Collection entries:

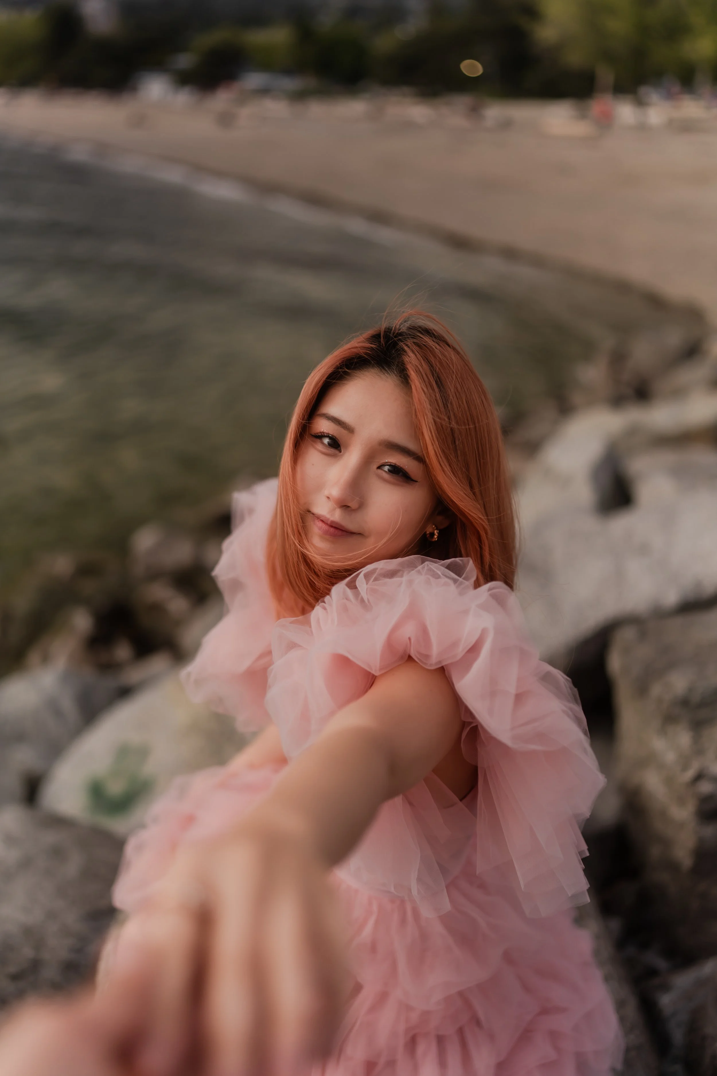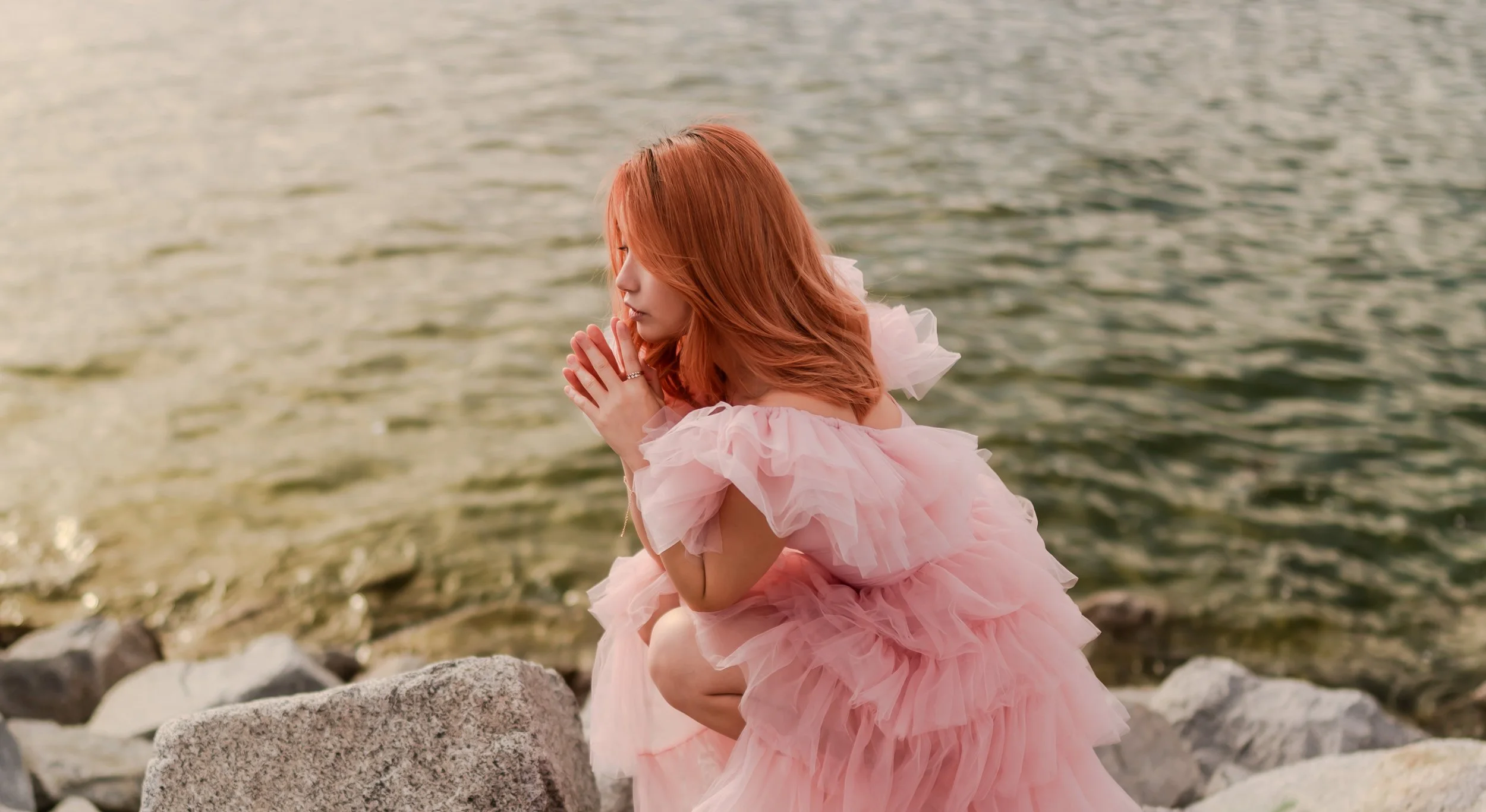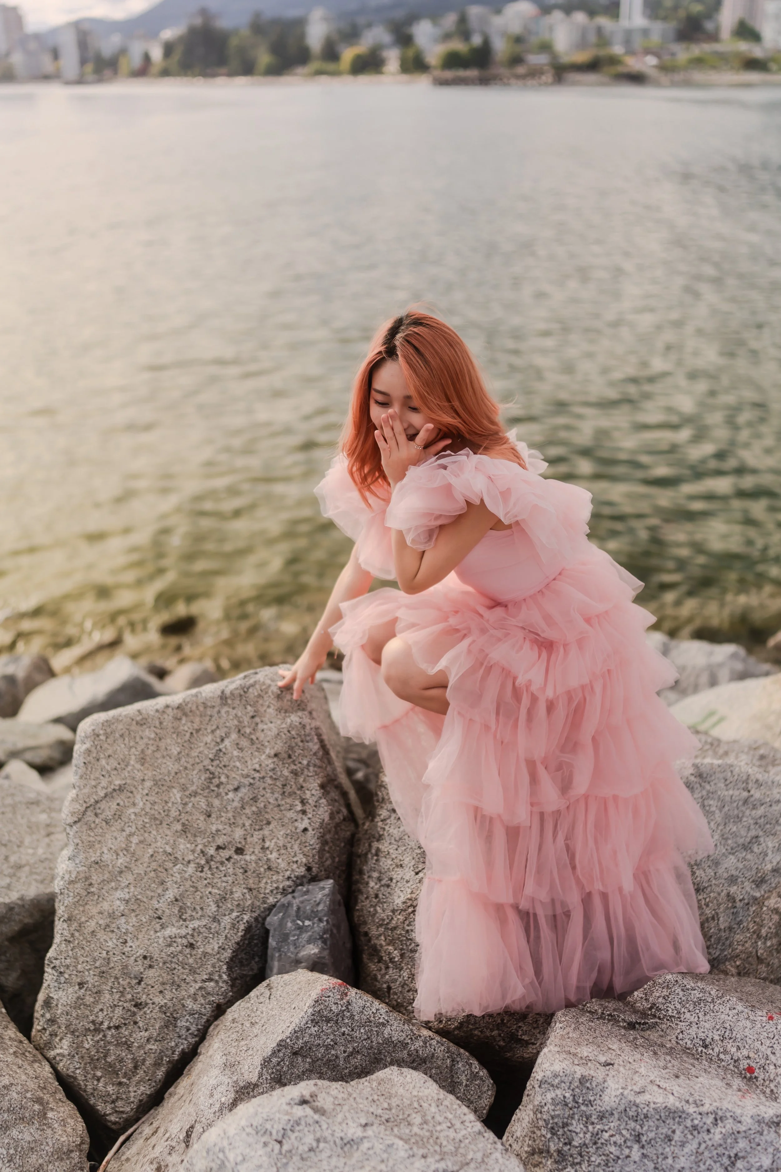 We wandered along the shore of West Vancouver, where the rocks met the sea, and beneath the moody sky, she wore a flowing pink dress. The clouds hung heavy, but the sun, a soft presence behind them, peeked through in gentle bursts, casting a diffused, ethereal light across everything. The glow created a halo effect, softly illuminating the scene as if nature itself was painting the moment. The atmosphere felt timeless, like a perfect blend of tranquility and fleeting beauty.
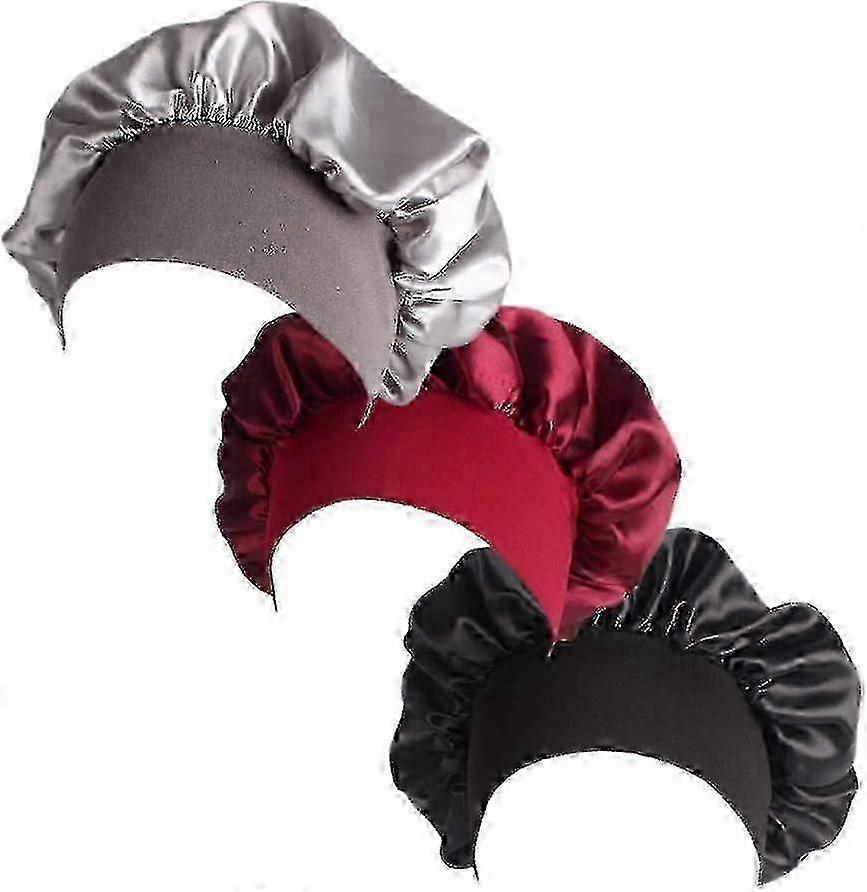 3 Pcs Satin Bonnet Hair Caps with Elastic Soft Band - Large Silky Shower Hats for Women's Curly Hair Protection
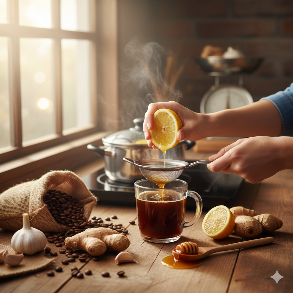 Important Precautions:Avoid Empty Stomachs: Because of the acidity of lemon and the pungency of garlic/ginger, it is best taken after a light meal to prevent stomach irritation.Odor Control: Boiling the garlic with ginger and coffee significantly reduces its strong smell. You can chew a leaf of fresh parsley afterward to freshen your breath.Moderation: One cup per day is sufficient.
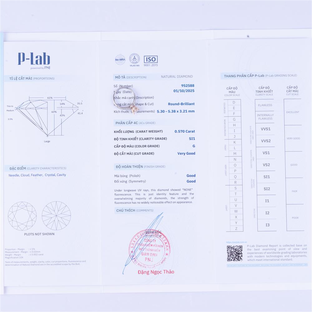 | Kim cương viên: | 5.30 - 5.38 LY G/SI1 |
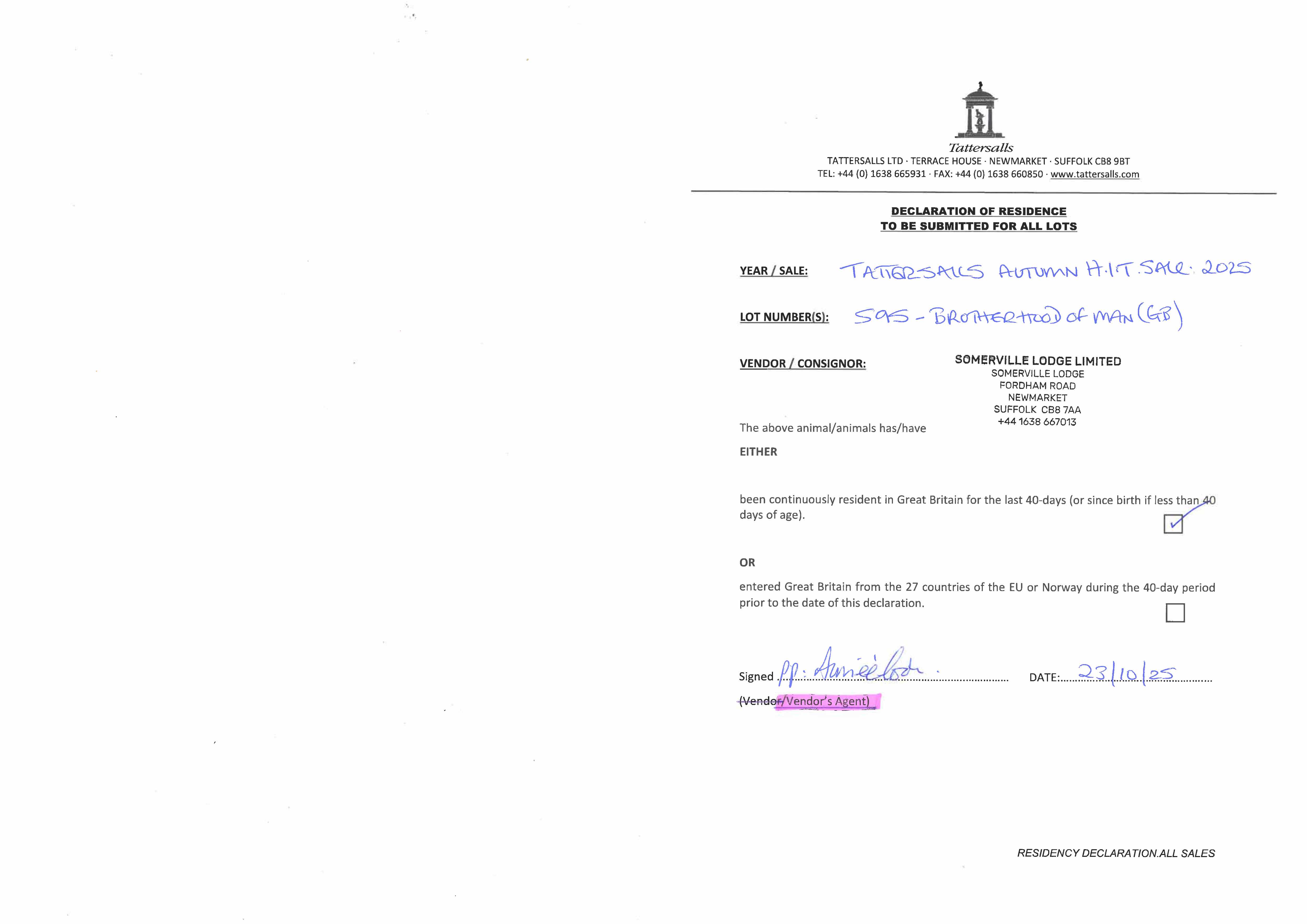Somerville Lodge Ltd. (W. Haggas), Agent
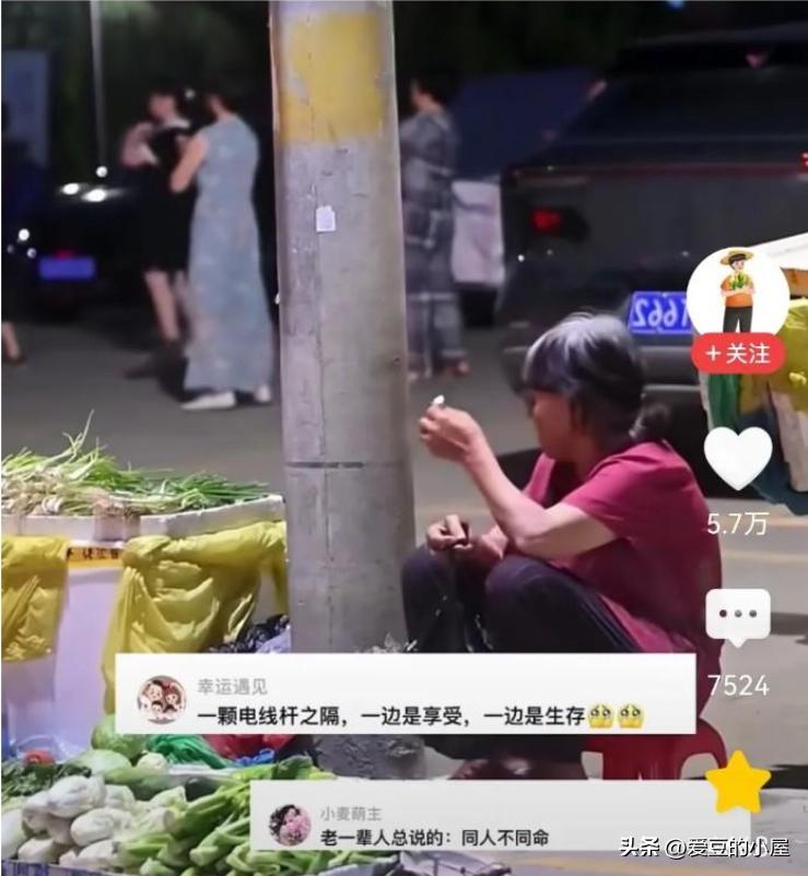一根电线杆,隔开两个世界。 一个是生存,一个是生活。 华灯初上,眼前的菜还有很多没有卖掉,农村老人啃着馒头,一脸落寞。 转头一看,在电线杆这边的城里老年人,却在悠闲地跳着广场舞,老人一脸羡慕。 人老了以后才发现,有没有退休金,完全是两种不同的人生。 看到这张对比反差强烈图片,小编觉得,再苦再难,也要将灵活就业养老保险坚持到底,哪怕就交个60%档的。 对此,大家怎么看,欢迎留言评论,谢谢大家。
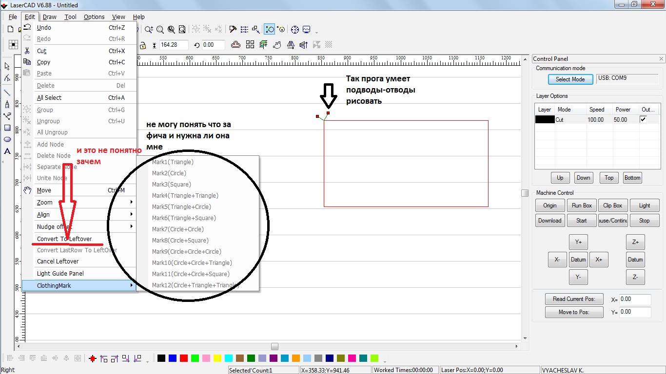 Такая Фича в Лазеркаде есть ,но без временной задержки .... т. е вариант не прокатит. Можно конечно всяко разных мелких кружков понарисовать дополнительно в местах врезания ,но это время дополнительно тратить.......... Ну или еще более подробно прогу изучать -вроде перерыл её и вдоль и поперек . Единственное что не понял вот эти пункты менюшки ,даже активировать их каким либо способом не удалось
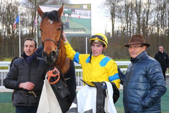 Louis-Philippe Beuzelin peut avoir le sourire - il fait coup double avec cette victoire, il ouvre son palmarès de jockey et celui de sa monture

• Exercise instructions:
The copy must reproduce every entry exactly while excluding all pictures.

• Output:
 We wandered along the shore of West Vancouver, where the rocks met the sea, and beneath the moody sky, she wore a flowing pink dress. The clouds hung heavy, but the sun, a soft presence behind them, peeked through in gentle bursts, casting a diffused, ethereal light across everything. The glow created a halo effect, softly illuminating the scene as if nature itself was painting the moment. The atmosphere felt timeless, like a perfect blend of tranquility and fleeting beauty.
 3 Pcs Satin Bonnet Hair Caps with Elastic Soft Band - Large Silky Shower Hats for Women's Curly Hair Protection
 Important Precautions:Avoid Empty Stomachs: Because of the acidity of lemon and the pungency of garlic/ginger, it is best taken after a light meal to prevent stomach irritation.Odor Control: Boiling the garlic with ginger and coffee significantly reduces its strong smell. You can chew a leaf of fresh parsley afterward to freshen your breath.Moderation: One cup per day is sufficient.
 | Kim cương viên: | 5.30 - 5.38 LY G/SI1 |
Somerville Lodge Ltd. (W. Haggas), Agent
一根电线杆,隔开两个世界。 一个是生存,一个是生活。 华灯初上,眼前的菜还有很多没有卖掉,农村老人啃着馒头,一脸落寞。 转头一看,在电线杆这边的城里老年人,却在悠闲地跳着广场舞,老人一脸羡慕。 人老了以后才发现,有没有退休金,完全是两种不同的人生。 看到这张对比反差强烈图片,小编觉得,再苦再难,也要将灵活就业养老保险坚持到底,哪怕就交个60%档的。 对此,大家怎么看,欢迎留言评论,谢谢大家。
 Такая Фича в Лазеркаде есть ,но без временной задержки .... т. е вариант не прокатит. Можно конечно всяко разных мелких кружков понарисовать дополнительно в местах врезания ,но это время дополнительно тратить.......... Ну или еще более подробно прогу изучать -вроде перерыл её и вдоль и поперек . Единственное что не понял вот эти пункты менюшки ,даже активировать их каким либо способом не удалось
 Louis-Philippe Beuzelin peut avoir le sourire - il fait coup double avec cette victoire, il ouvre son palmarès de jockey et celui de sa monture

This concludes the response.